A very brilliant student, she won the first prize at The International Harp Contest in Israel at the age of 16, which opened her the doors of an international career.

She will perform in particular with Jean-Pierre Rampal, Yehudi Menuhin, Ravi Shankar, Jean-Jacques Kantorow, Patrick Gallois, , James Galway, as well as with prestigious conductors. Her tours in France and abroad have led her to the most renowned venues, such as the Carnegie Hall in New York city.

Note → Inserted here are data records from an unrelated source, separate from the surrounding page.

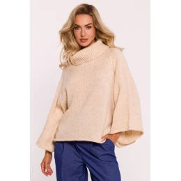 M822 Trapézový sveter s rolákom - béžový
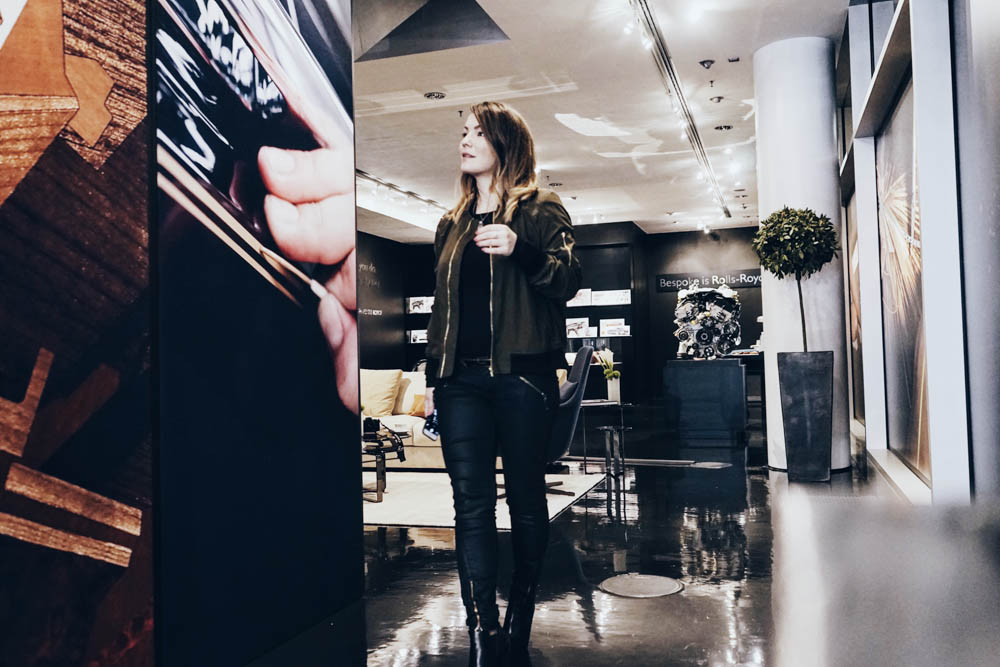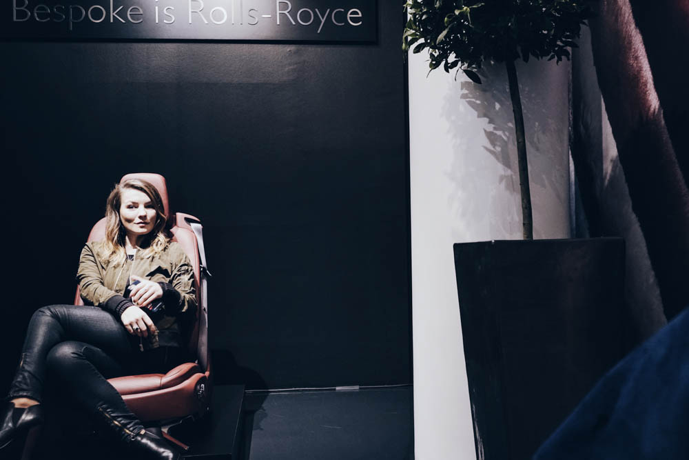 Während ich meinen Kaffee genieße und mich wie im Wohnzimmer fühle, bewundere ich den „BadAss“ des Ghost und frage mich wie nahbar denn Rolls Royce nun tatsächlich geworden ist und ob sich durch ein Chalkboard Nähe schaffen lässt. Die Besucher betreten ehrwürdig das Studio, wagen es kaum etwas anzufassen und bewegen sich auf leisen Sohlen durch die Räumlichkeiten. Ich verliere mich wieder im Geschmack meines Espressos und lass den Blick schweifen. Meine Absätze versinken in einem flauschigen Veloursteppich, ich lasse mich nur kurz vom Flatscreen und dem Imagevideo ablenken und widme mich wieder den Details, den Themen des Studios. Ich entdecke ein Atelier zur Verarbeitung des Leders, fein säuberlich aufgereihte Scetches, eine Vitrine mit Exponaten und einen rosa Thron – wer die Snapchatstory (bemoreimpulsee) gesehen hat, kennt die Diskussion zwischen mir und Robin. Und einen Picknick-Korb versperrt hinter Glas, den Preis will ich gar nicht wissen. Den gesamten Rundgang und Detailaufnahmen findet ihr auf autobild.de
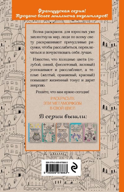 "Метаморфозы" – это бесконечные причудливые превращения занкомых нам существ и предметов друг в друга. Раскрасьте этих необычных созданий в яркие цвета. Не бойтесь творить и экспериментировать!
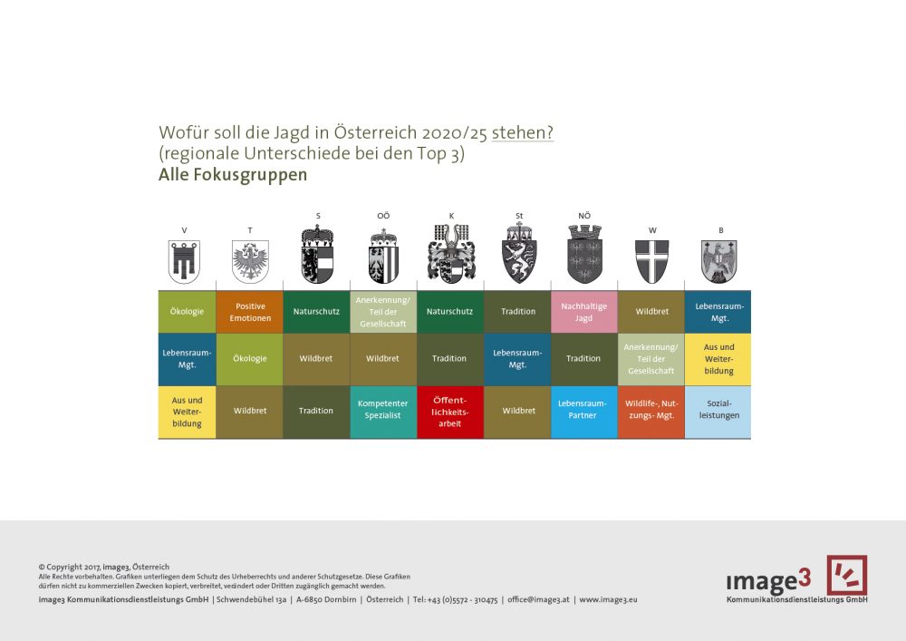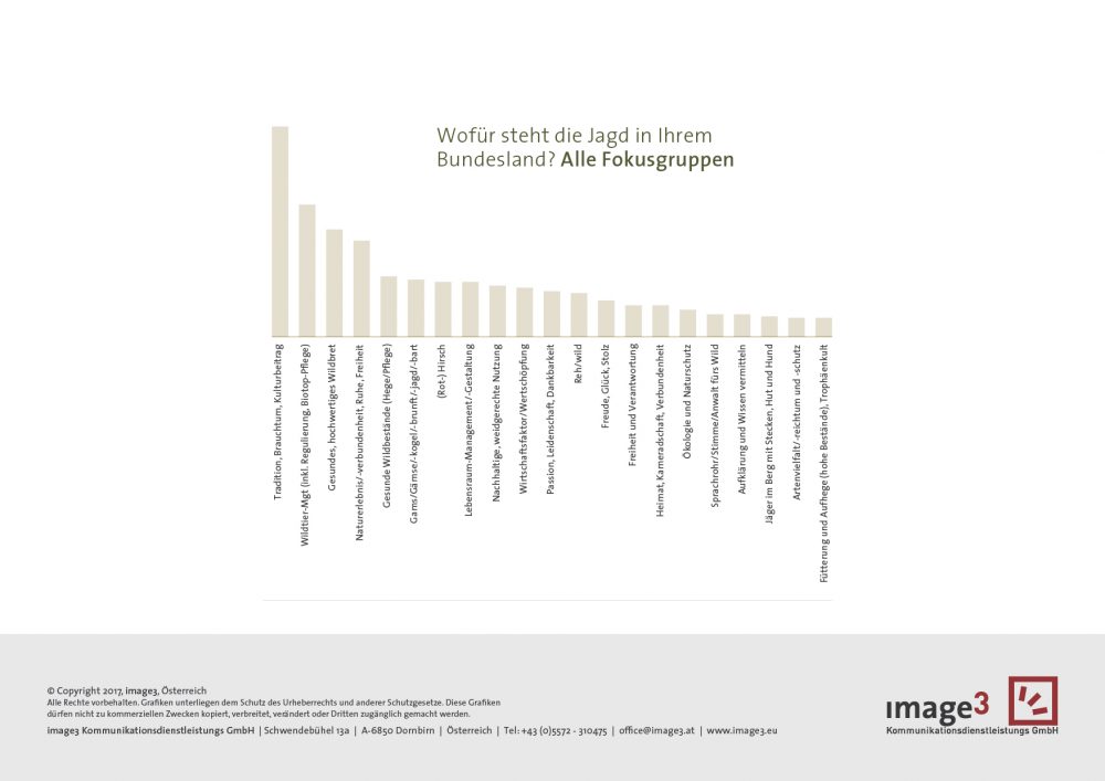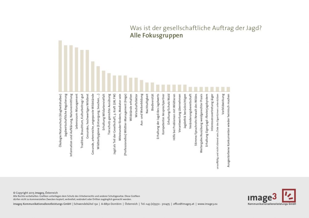 Die Befragung von nahezu 200 Expert/innen, Funktionär/innen und Interessensgruppen-Vertreter/innen in 23 Fokusgruppen fand in allen neun Bundesländern statt. Sie war ein wesentlicher Bestandteil einer Situationsanalyse zum Ist- und Soll-Image der Jagd in Österreich. Sie lieferte wertvolle Impulse für die Entwicklung der Dachmarke „Jagd Österreich“ und wurde durch Expertengespräche sowie mehrere Workshop-Reihen mit allen neun Landesjägermeistern sowie Geschäftsführern der Jagdverbände ergänzt.
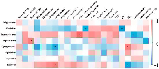 Correlation between rumen bacterial abundance and the growth, nutrient digestion, and fermentation characteristics of Angus cattle. Data of only significant correlations (r > 0.60 or r < −0.60 and p-value < 0.05) and bacteria with abundances > 0.5% are presented. Positive (coefficient close to 1) and negative (coefficient close to −1) correlations between the examined traits and bacterial abundances are indicated in red and blue colors, respectively. • p < 0.05; •• p < 0.01.
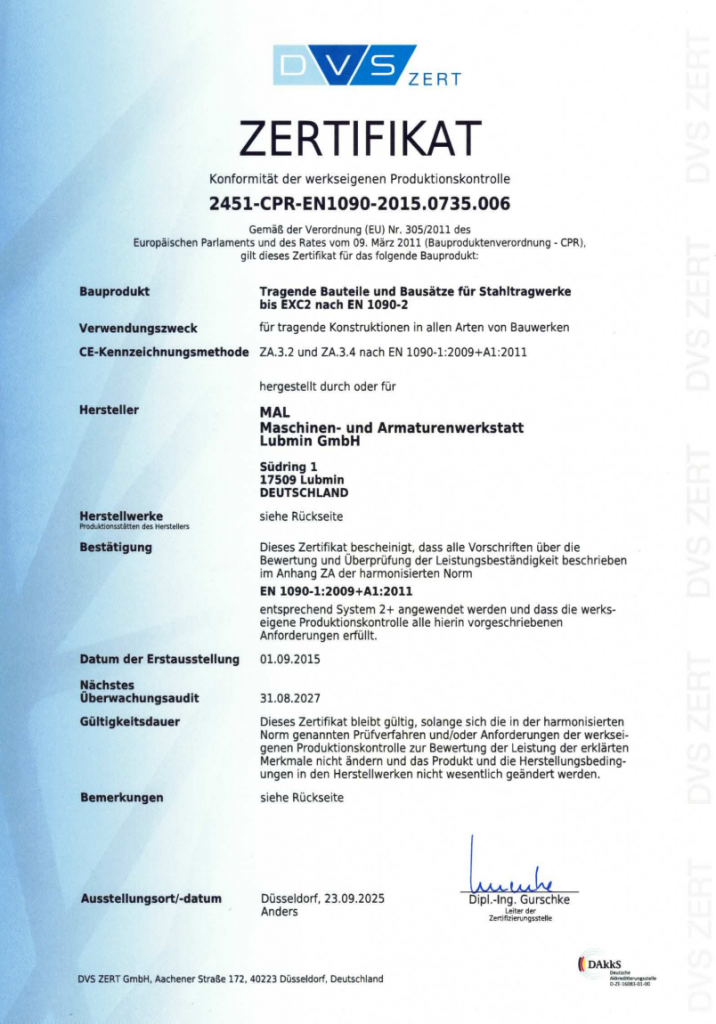 Mit der Zertifizierung nach EN 1090-2 in der Ausführungsklasse EXC 2 ist die MAL Maschinen- und Armaturenwerkstatt Lubmin GmbH befähigt, tragende Stahl- und Aluminiumbauteile gemäß europäischen Bauproduktanforderungen herzustellen. Diese Auszeichnung bestätigt unsere Fertigungskompetenz im konstruktiven Stahlbau, die kontrollierte Ausführung sicherheitsrelevanter Bauteile sowie die Einhaltung aller gesetzlich vorgeschriebenen Leistungs- und Nachweisverfahren.

From 1977, Martine Géliot was harp soloist at the Orchestre National de France. From 1976 to 1981, she played with Jean Dupouy (viola) and Thomas Prévost (flute) soloists of L'Ensemble de Chambre Français band.

At the height of her career, she unfortunately succumbed to cancer in 1988, at the age of 39 years.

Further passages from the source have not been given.